Freedom Of The Press Threatened By Tennessee Police Chief
The fourth estate received a public rebuke concealed in a not so veiled threat issued by Freeman Cooper, the Chief of Police, Chattanooga, Tennessee. It could have been a bad April Fools joke but for the fact that it was a day late and not at all funny. It all happened at a hastily called news conference late morning, Wednesday, April 2nd, 2008, where Chattanooga Police Chief Freeman Cooper asked the media to stop asking questions about problem officer Chattanooga Police Captain Jeannie Snyder. Cooper went on to issue a veiled threat to the media for doing its job by saying the investigation into the female police captain was "bordering on harassment". He continued, "She is a police officer in good standing and that means that she can be armed at anytime with any weapon, it does not have to be the police department's gun." Snyder who had already voluntarily stepped down as an assistant police chief taking a Ten Thousand Dollar pay cut in November, 2007, also voluntarily turned in her city issued weapon last week citing public concern over her being armed.

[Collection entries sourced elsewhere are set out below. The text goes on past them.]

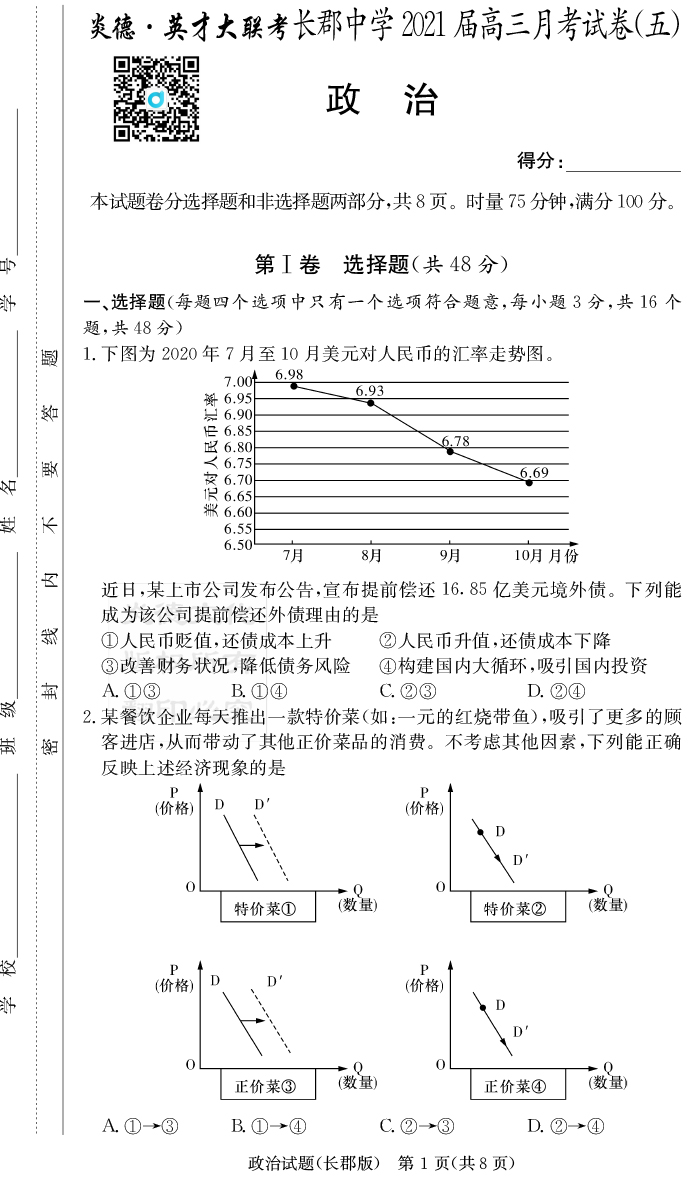 2026長郡中學新高考考前小題沖刺訓練·政治
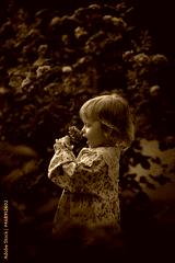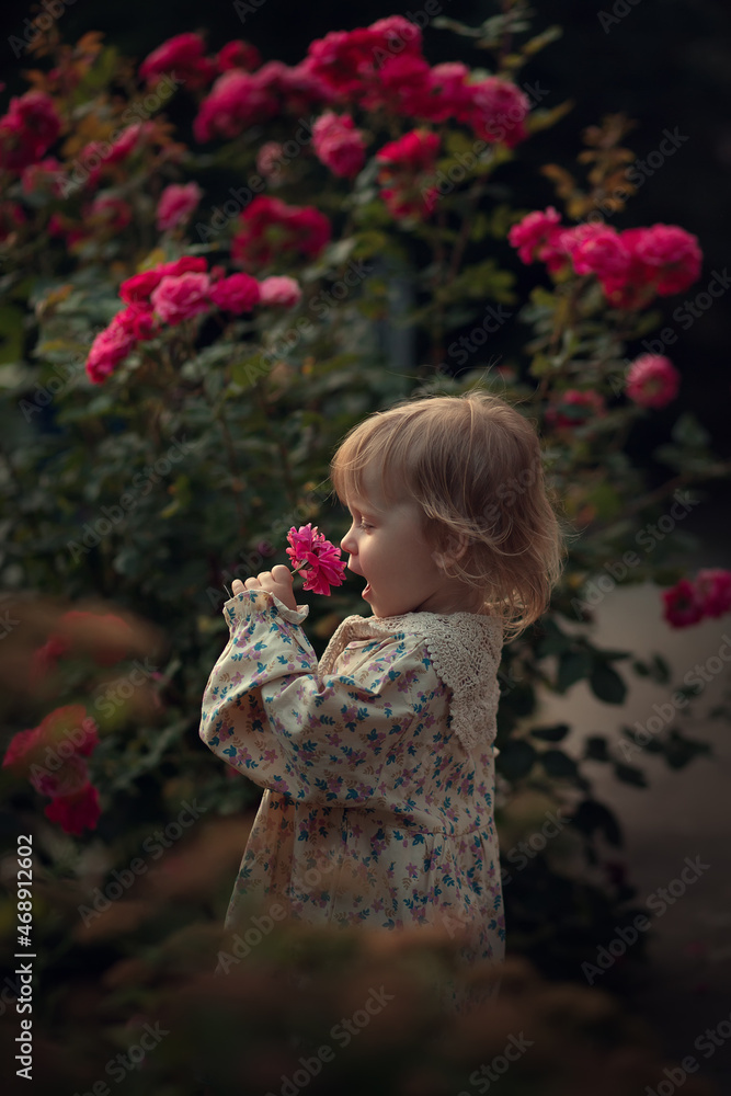 Beautiful baby girl is smelling roses in the summer garden. Image with selective focus and toning
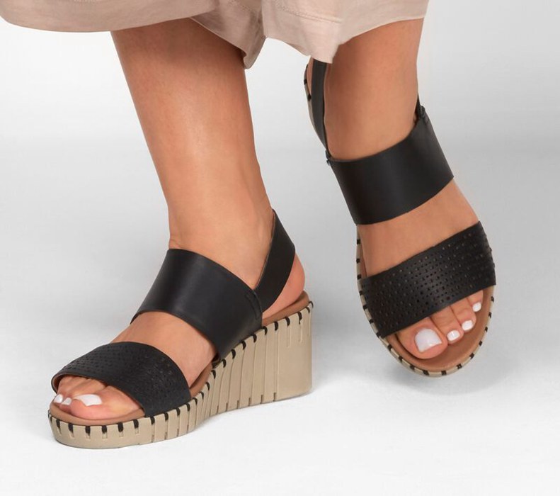 Skechers Dam Svarta Kilar Sandaler - Pier Ave - Beach Chick - Sverige (RTGVH-5473)
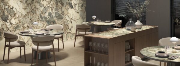 Marmi hebt die Grenzen zwischen Architektur- und Einrichtungsoberflächen auf: Großformatige Feinsteinzeugplatten in beeindruckender Größenvielfalt und gleichzeitig außergewöhnlich dünn. Die Serie verbindet monumentale Wirkung mit erstaunlicher Leichtigkeit – ideal für Böden, Wandverkleidungen, Möbelfronten und Detailelemente. Durch modernste Fertigung entsteht eine homogene, elegante Fläche, die Kraft und Ästhetik gleichermaßen transportiert.
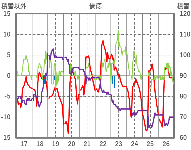 | 日 | 時 | 気温 | 降水 | 風向/風速 | 日照 | 積雪 | 降雪 |
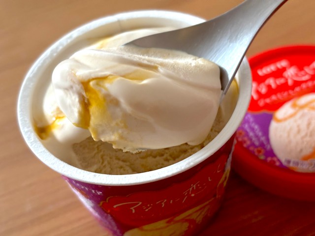 「アジアに恋して」は鳴り物入りで発売したってことは、定番としてずっと扱ってくれるってことですよね? これは再現度も高くて、かなりヒットの予感がします。ここ数年食べた新作アイスの中では、出色の出来!
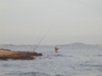 "One man and his dog" spending the afternoon fishing off the beach at Serignan Plage, near Béziers, with Cap d'Agde in the background
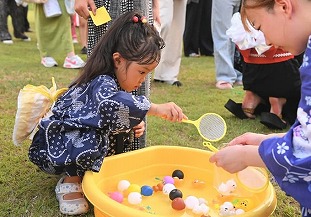 前日から準備した各クラスのお店屋さんが並び、保育室の廊下は商店街となりました。手作りの食料品をはじめ、アクセサリーやドレスなどが所狭しと並び、子どもたちは何を買おうかと目を輝かせていました。「いらっしゃい、いらっしゃい」「これください」「ありがとうございました」などの掛け声が飛び交い、商店街は大賑わい。お菓子つかみ取りのコーナーでは手をいっぱいに広げて頑張り、支援センターの神社では真剣にお詣りをする姿が見られたり、お買い物ごっこを十分楽しんだ子ども達でした。
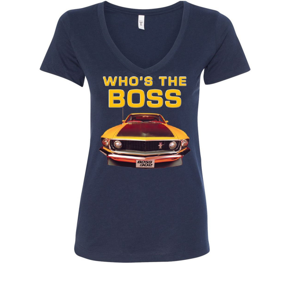 WHO'S THE BOSS? women's v-neck t-shirt ford mustang boss 302 classic muscle car navy blue

The Chattanoogan reported, however, that she was still carrying her personal firearm. That is just one of the exceptions the city appears to have made for Captain Snyder when their internal rules and regulations says each officer is issued a service weapon and must carry that weapon when on duty. Chattanooga City Councilman Leamon Pierce is one of the few apparently not afraid to speak up and question Snyder or the Chief. Pierce opined, "You got to deal with what the perception is, she has a problem no doubt it's a medical problem. I wouldn't want to be around her, in her presence when she has another reaction.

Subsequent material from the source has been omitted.